● EXERCISE: In the entries below, find the line with "11/25/201107/17/2018 me and" and the line with "在荷蘭隊(duì)對(duì". Reproduce those two lines and every line between them exactly, and nothing more.

● SUPPLIED DATA:
● ● ● ● ● ● ●
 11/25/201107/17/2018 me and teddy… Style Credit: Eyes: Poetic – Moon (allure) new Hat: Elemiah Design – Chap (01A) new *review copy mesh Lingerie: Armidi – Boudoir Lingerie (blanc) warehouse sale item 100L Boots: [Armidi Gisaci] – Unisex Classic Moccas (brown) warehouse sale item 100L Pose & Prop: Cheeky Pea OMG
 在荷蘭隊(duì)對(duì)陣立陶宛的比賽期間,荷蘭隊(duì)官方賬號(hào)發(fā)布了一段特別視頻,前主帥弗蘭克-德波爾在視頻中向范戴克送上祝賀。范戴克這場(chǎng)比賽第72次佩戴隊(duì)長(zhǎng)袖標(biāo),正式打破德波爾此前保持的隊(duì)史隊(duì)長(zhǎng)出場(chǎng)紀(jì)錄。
● ● ● ● ● ● ●
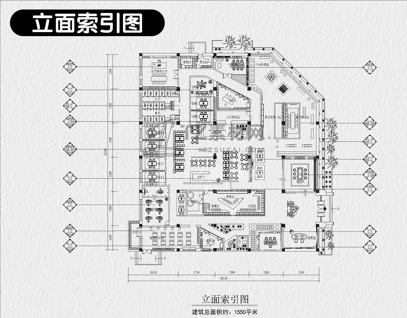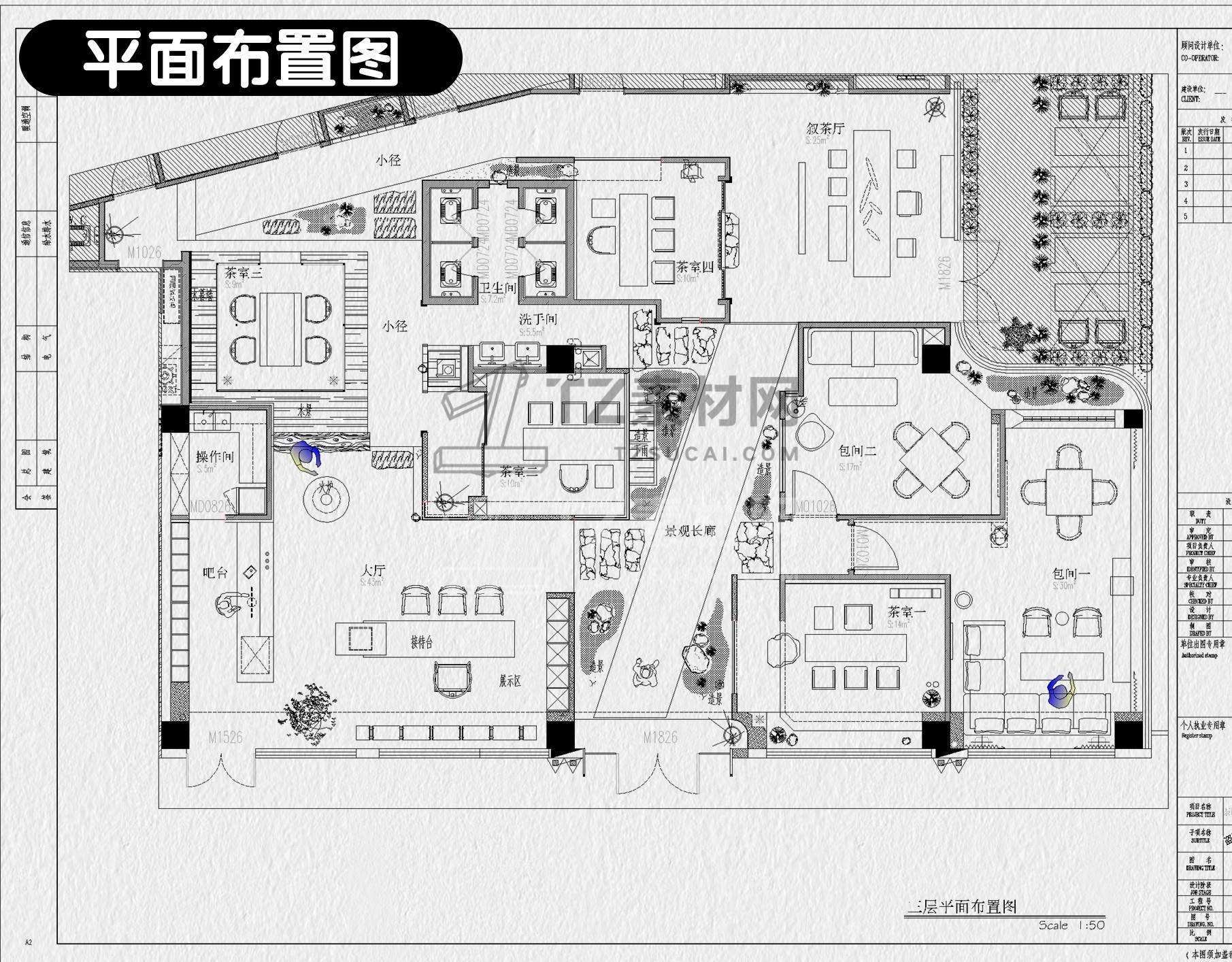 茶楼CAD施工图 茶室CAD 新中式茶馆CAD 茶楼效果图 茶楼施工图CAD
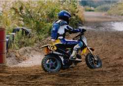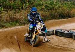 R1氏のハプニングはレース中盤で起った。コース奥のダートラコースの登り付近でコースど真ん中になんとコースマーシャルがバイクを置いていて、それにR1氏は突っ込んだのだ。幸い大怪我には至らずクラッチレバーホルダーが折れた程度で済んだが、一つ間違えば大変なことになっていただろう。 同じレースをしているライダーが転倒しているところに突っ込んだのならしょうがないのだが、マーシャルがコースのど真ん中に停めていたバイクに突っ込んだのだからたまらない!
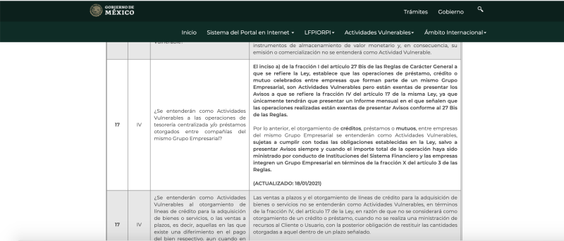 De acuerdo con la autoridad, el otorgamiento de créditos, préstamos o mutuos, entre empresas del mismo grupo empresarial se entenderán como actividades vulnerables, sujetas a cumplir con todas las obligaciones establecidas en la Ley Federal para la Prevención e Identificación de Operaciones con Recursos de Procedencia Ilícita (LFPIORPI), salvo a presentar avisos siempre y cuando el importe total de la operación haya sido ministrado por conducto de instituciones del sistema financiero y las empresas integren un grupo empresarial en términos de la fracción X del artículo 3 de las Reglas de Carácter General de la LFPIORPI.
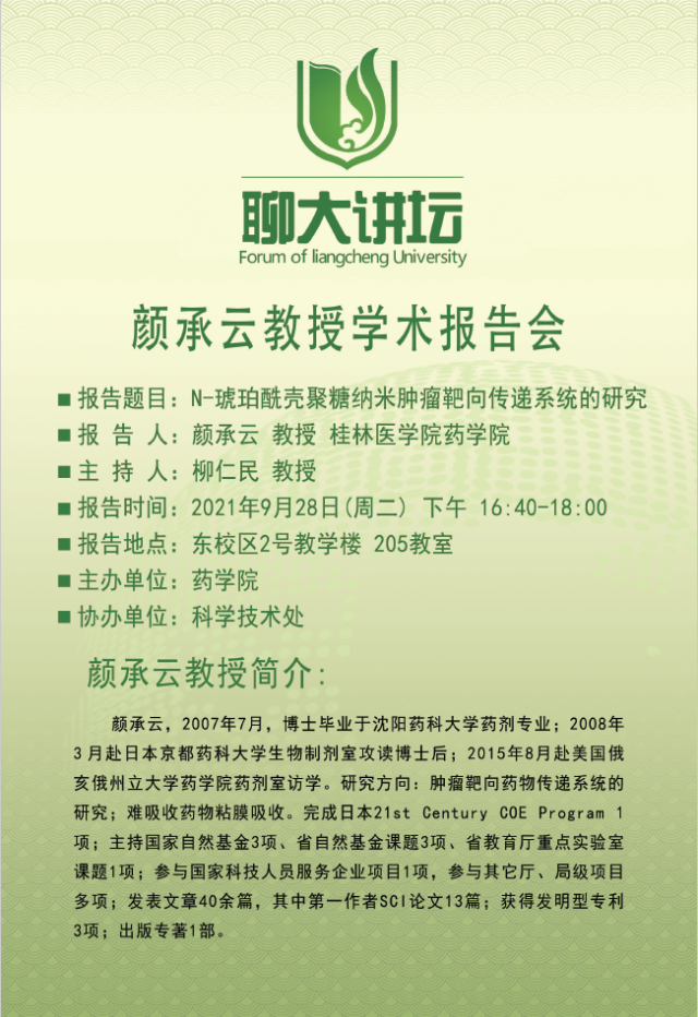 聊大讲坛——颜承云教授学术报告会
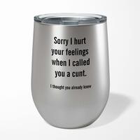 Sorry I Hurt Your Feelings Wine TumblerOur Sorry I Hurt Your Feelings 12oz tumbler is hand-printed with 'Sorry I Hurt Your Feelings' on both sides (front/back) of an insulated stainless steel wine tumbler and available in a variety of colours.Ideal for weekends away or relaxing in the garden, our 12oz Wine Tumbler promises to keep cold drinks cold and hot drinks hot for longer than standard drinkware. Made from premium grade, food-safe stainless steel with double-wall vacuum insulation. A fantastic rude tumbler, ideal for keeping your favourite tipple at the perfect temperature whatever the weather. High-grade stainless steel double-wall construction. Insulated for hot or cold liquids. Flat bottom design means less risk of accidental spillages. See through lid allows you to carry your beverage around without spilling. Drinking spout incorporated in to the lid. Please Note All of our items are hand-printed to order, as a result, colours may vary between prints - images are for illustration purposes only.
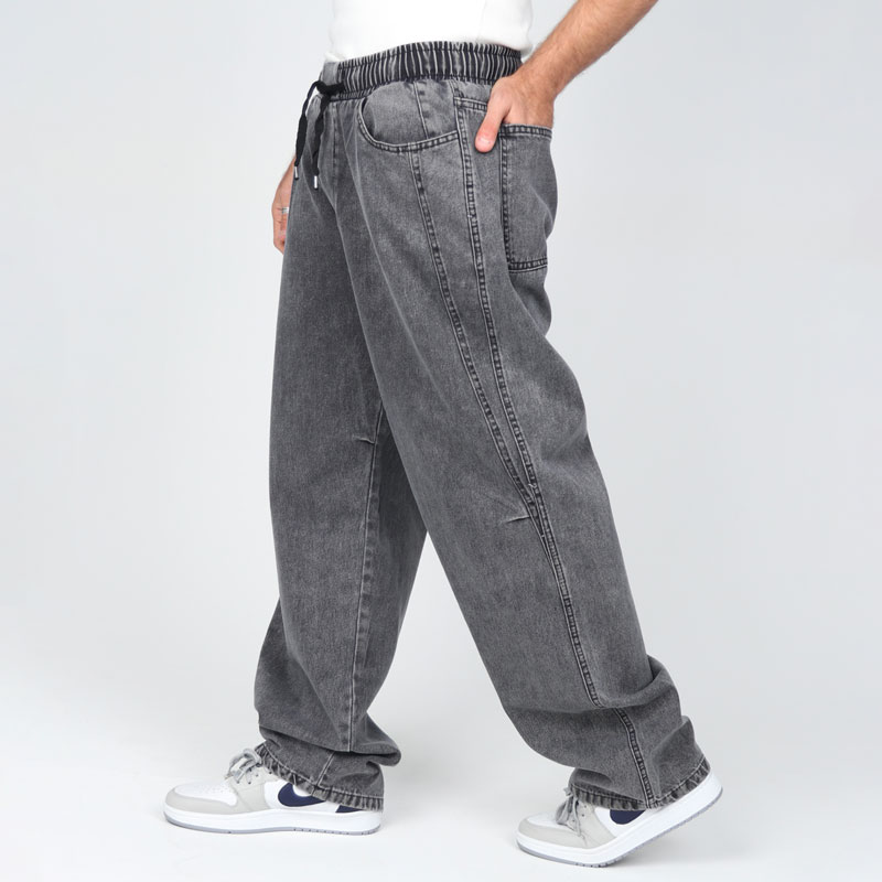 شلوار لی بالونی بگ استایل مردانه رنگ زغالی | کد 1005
● ● ● ● ● ● ●
● OUTPUT:
 11/25/201107/17/2018 me and teddy… Style Credit: Eyes: Poetic – Moon (allure) new Hat: Elemiah Design – Chap (01A) new *review copy mesh Lingerie: Armidi – Boudoir Lingerie (blanc) warehouse sale item 100L Boots: [Armidi Gisaci] – Unisex Classic Moccas (brown) warehouse sale item 100L Pose & Prop: Cheeky Pea OMG
 在荷蘭隊(duì)對(duì)陣立陶宛的比賽期間,荷蘭隊(duì)官方賬號(hào)發(fā)布了一段特別視頻,前主帥弗蘭克-德波爾在視頻中向范戴克送上祝賀。范戴克這場(chǎng)比賽第72次佩戴隊(duì)長(zhǎng)袖標(biāo),正式打破德波爾此前保持的隊(duì)史隊(duì)長(zhǎng)出場(chǎng)紀(jì)錄。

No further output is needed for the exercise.